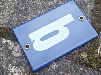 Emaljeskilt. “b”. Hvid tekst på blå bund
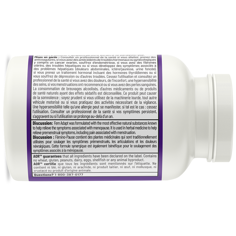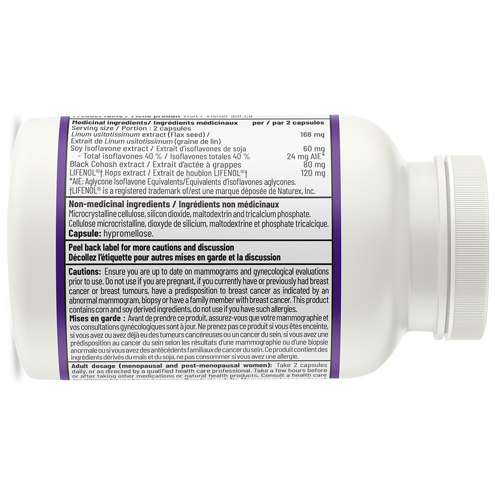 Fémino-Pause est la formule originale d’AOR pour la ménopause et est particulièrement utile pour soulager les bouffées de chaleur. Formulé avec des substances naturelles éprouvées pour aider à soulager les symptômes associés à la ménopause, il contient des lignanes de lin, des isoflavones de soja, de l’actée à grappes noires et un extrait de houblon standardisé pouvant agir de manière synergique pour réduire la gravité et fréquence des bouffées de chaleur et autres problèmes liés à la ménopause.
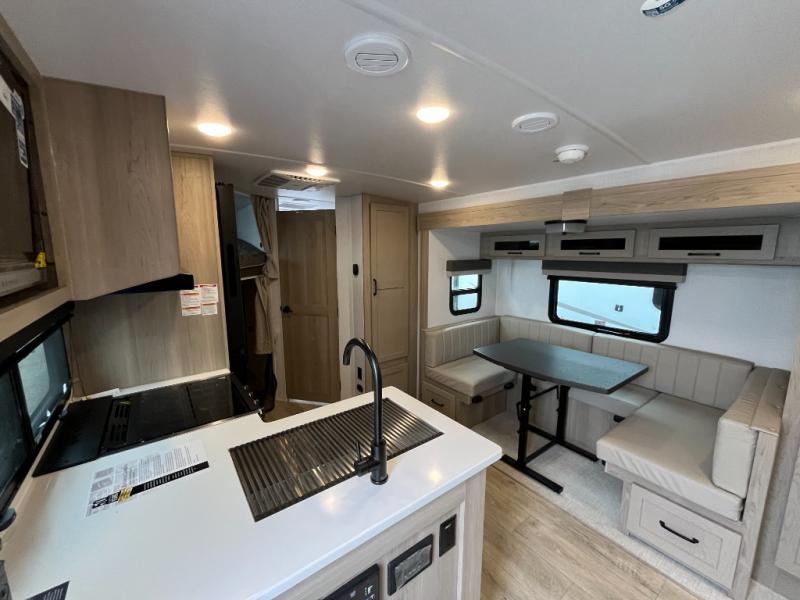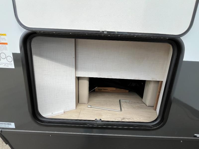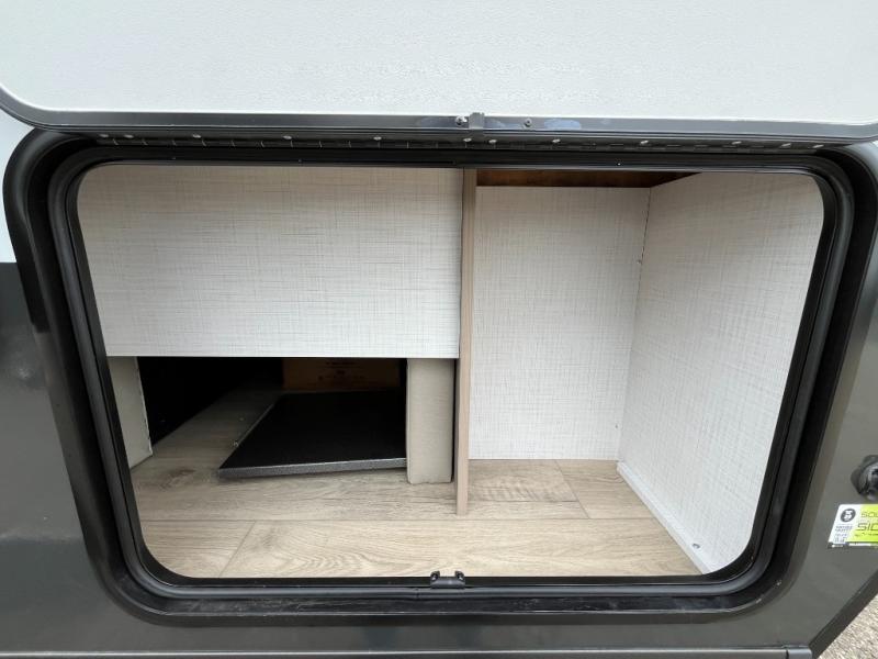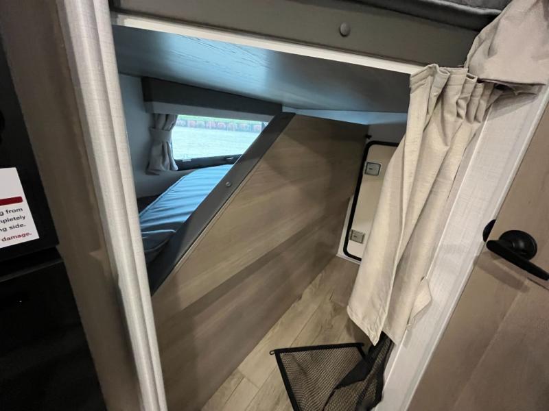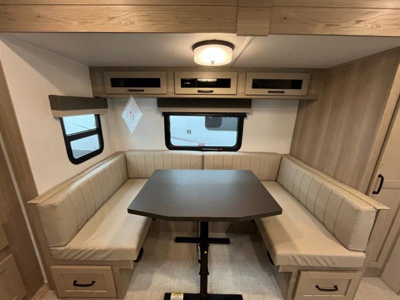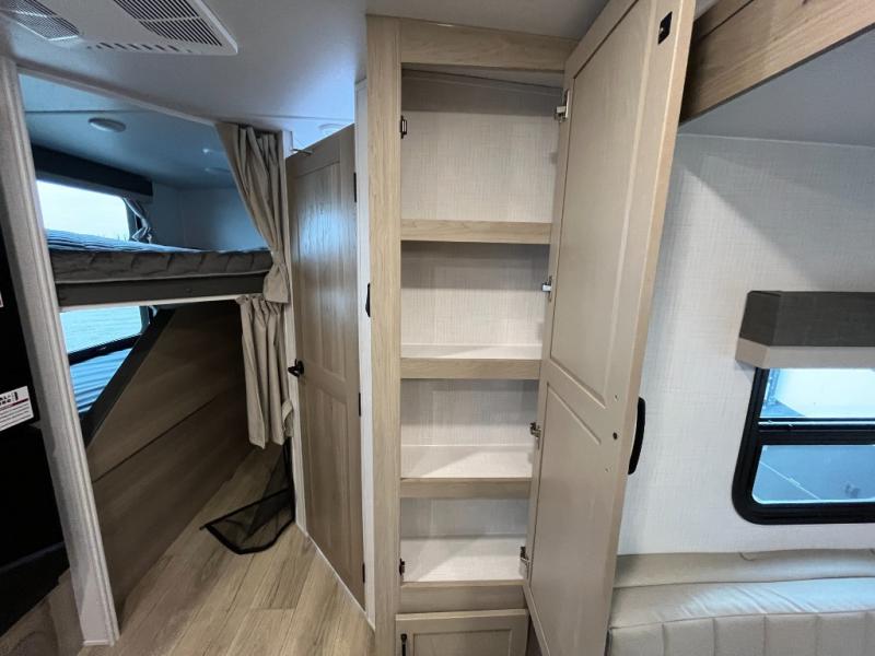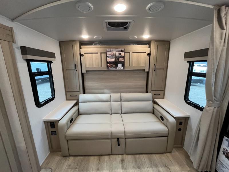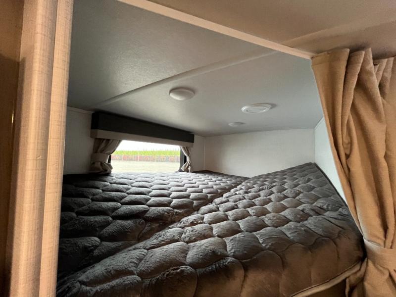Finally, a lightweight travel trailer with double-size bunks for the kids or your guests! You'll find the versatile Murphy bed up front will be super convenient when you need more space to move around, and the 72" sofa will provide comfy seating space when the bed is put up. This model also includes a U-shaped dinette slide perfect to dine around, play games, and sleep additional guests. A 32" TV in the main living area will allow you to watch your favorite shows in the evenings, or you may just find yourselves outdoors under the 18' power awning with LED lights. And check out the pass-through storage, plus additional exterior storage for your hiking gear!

...

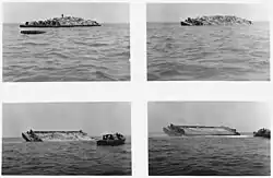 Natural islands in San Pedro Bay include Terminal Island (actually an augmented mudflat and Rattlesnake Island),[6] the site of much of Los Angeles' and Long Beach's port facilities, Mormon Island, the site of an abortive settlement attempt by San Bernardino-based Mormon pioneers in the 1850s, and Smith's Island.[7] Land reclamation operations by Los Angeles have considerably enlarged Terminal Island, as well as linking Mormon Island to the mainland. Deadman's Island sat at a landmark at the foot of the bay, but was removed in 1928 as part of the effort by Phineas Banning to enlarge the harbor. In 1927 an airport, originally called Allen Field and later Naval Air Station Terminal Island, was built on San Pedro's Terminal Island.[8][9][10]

--

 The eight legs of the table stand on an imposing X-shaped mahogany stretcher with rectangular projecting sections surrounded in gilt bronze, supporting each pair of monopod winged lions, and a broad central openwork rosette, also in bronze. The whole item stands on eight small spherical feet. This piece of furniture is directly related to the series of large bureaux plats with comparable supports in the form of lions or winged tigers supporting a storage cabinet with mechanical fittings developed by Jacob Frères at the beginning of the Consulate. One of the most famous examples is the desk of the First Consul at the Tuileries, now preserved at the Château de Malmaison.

| TASK |
Once the line with "Fémino-Pause est la" has been found above, output that line and every later line exactly, stopping after the line with "Finally, a lightweight", and omit the pictures.

| TASK RESPONSE |
 Fémino-Pause est la formule originale d’AOR pour la ménopause et est particulièrement utile pour soulager les bouffées de chaleur. Formulé avec des substances naturelles éprouvées pour aider à soulager les symptômes associés à la ménopause, il contient des lignanes de lin, des isoflavones de soja, de l’actée à grappes noires et un extrait de houblon standardisé pouvant agir de manière synergique pour réduire la gravité et fréquence des bouffées de chaleur et autres problèmes liés à la ménopause.
Finally, a lightweight travel trailer with double-size bunks for the kids or your guests! You'll find the versatile Murphy bed up front will be super convenient when you need more space to move around, and the 72" sofa will provide comfy seating space when the bed is put up. This model also includes a U-shaped dinette slide perfect to dine around, play games, and sleep additional guests. A 32" TV in the main living area will allow you to watch your favorite shows in the evenings, or you may just find yourselves outdoors under the 18' power awning with LED lights. And check out the pass-through storage, plus additional exterior storage for your hiking gear!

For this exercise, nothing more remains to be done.